In order to turn this into a GPU implementation, we'd like to have a kernel function (create_fractal) call another function (julia) on the device. Numba has a way of specifying functions that will be called from within a kernel by passing the cuda.jit decorator an argument:



In [0]:

    
@cuda.jit(device=True)
def julia(x, y, max_iters):
    """
    Given the real and imaginary parts of a complex number,
    determine if it is a candidate for membership in the Julia
    set given a fixed number of iterations.
    """
    i = 0
    c = complex(-0.8, 0.156)
    a = complex(x,y)
    for i in range(max_iters):
        a = a*a + c
        if (a.real*a.real + a.imag*a.imag) > 1000:
            return 0
    return 255

Multi-dimensional grids

For some problems, it makes sense to define a two- or three-dimensional grid of thread blocks. That way, when you're indexing a single thread, you can map it to, say, the pixel position in an image. Multi-dimensional grids are created by passing tuples to the kernel function. You can ensure that you launch a big enough grid by calculating the size of each dimension as a function of the array size and number of threads per block:



In [0]:

    
threadsperblock = 16
xblocks = (image.shape[1] + (threadsperblock - 1)) // threadsperblock
yblocks = (image.shape[0] + (threadsperblock - 1)) // threadsperblock

Then, within a kernel, you can determine the absolute thread position by calling the grid helper function, as in x, y = cuda.grid(2).

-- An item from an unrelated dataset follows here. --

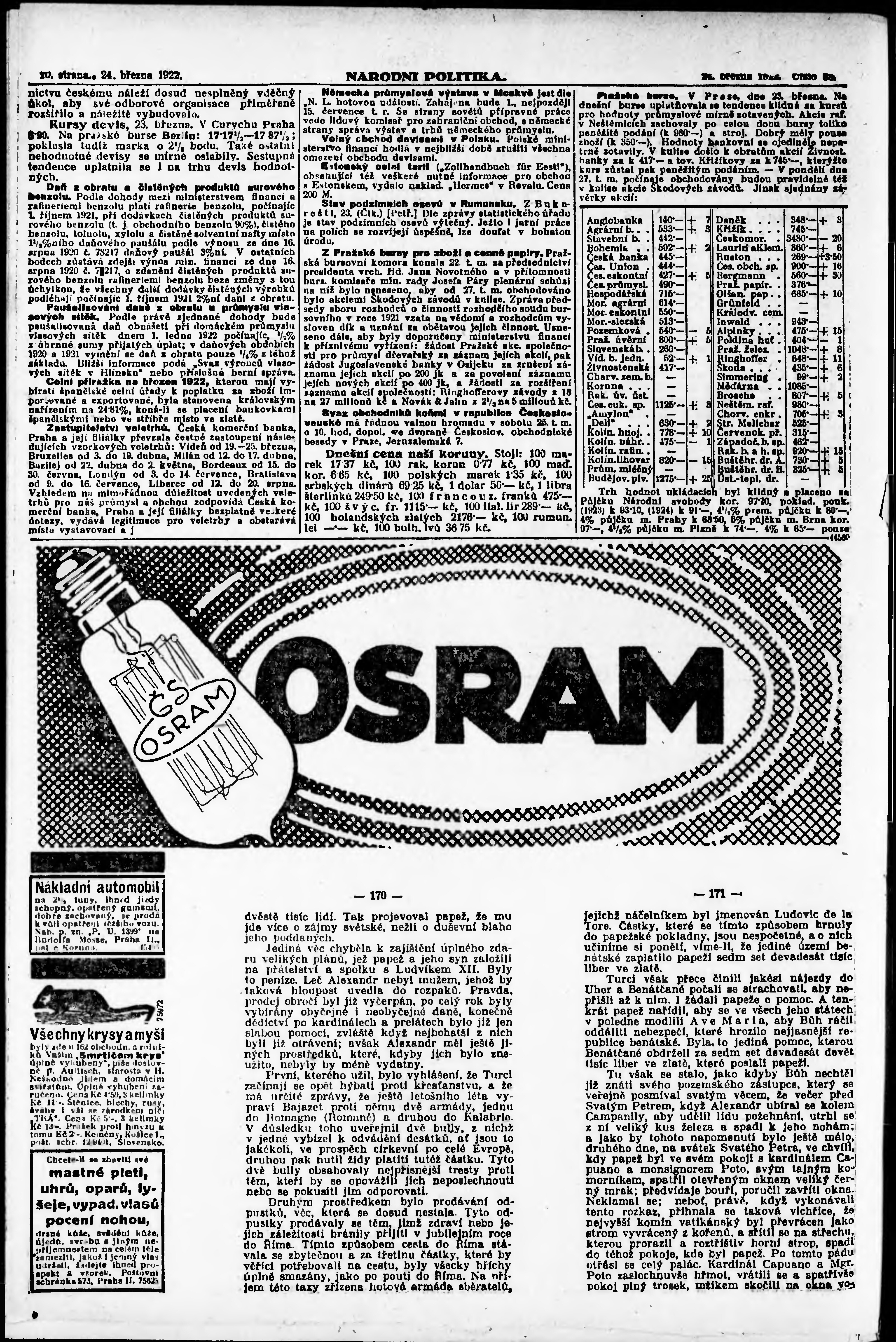 * Datum vydání výtisku: 24.3.1922 Číslo výtisku: 83 Poznámky k výtisku: ranní vydání; vydání pro Prahu;

4a) Modify the create_fractal function to launch as a kernel on the GPU and call your new device function, julia. Use a 2D grid of thread blocks to launch the kernel and determine which threads are responsible for each pixel in the image.



In [0]:

    
@cuda.jit
def create_fractal(min_x, max_x, min_y, max_y, image, iters):
    height = image.shape[0]
    width = image.shape[1]

    pixel_size_x = (max_x - min_x) / width
    pixel_size_y = (max_y - min_y) / height
    
    x, y = cuda.grid(2)
    
    if x < width and y < height:
      real = min_x + x * pixel_size_x
      imag = min_y + y * pixel_size_y
      color = julia(real, imag, iters)
      image[y, x] = color



In [0]:

    
image = np.zeros((500, 750), dtype=np.uint8)
threadsperblock = 16
threads_per_block = (16, 16)
xblocks = (image.shape[1] + (threadsperblock - 1)) // threadsperblock
yblocks = (image.shape[0] + (threadsperblock - 1)) // threadsperblock
blocks_per_grid = (xblocks, yblocks)



In [0]:

    
%timeit create_fractal[blocks_per_grid, threads_per_block](-2.0, 2.0, -1.0, 1.0, image, 200)
plt.imshow(image)
plt.viridis()
plt.show()









    



The slowest run took 227.06 times longer than the fastest. This could mean that an intermediate result is being cached.
1 loop, best of 3: 1.37 ms per loop

4b) How does the GPU implementation compare to the CPU version? How about to yesterday's Numba CPU version?

Yesterday I got a time of over 3 seconds for the original CPU version, ~50 ms for the pre-compiled Numba version, and 1.37 ms for the Numba GPU version!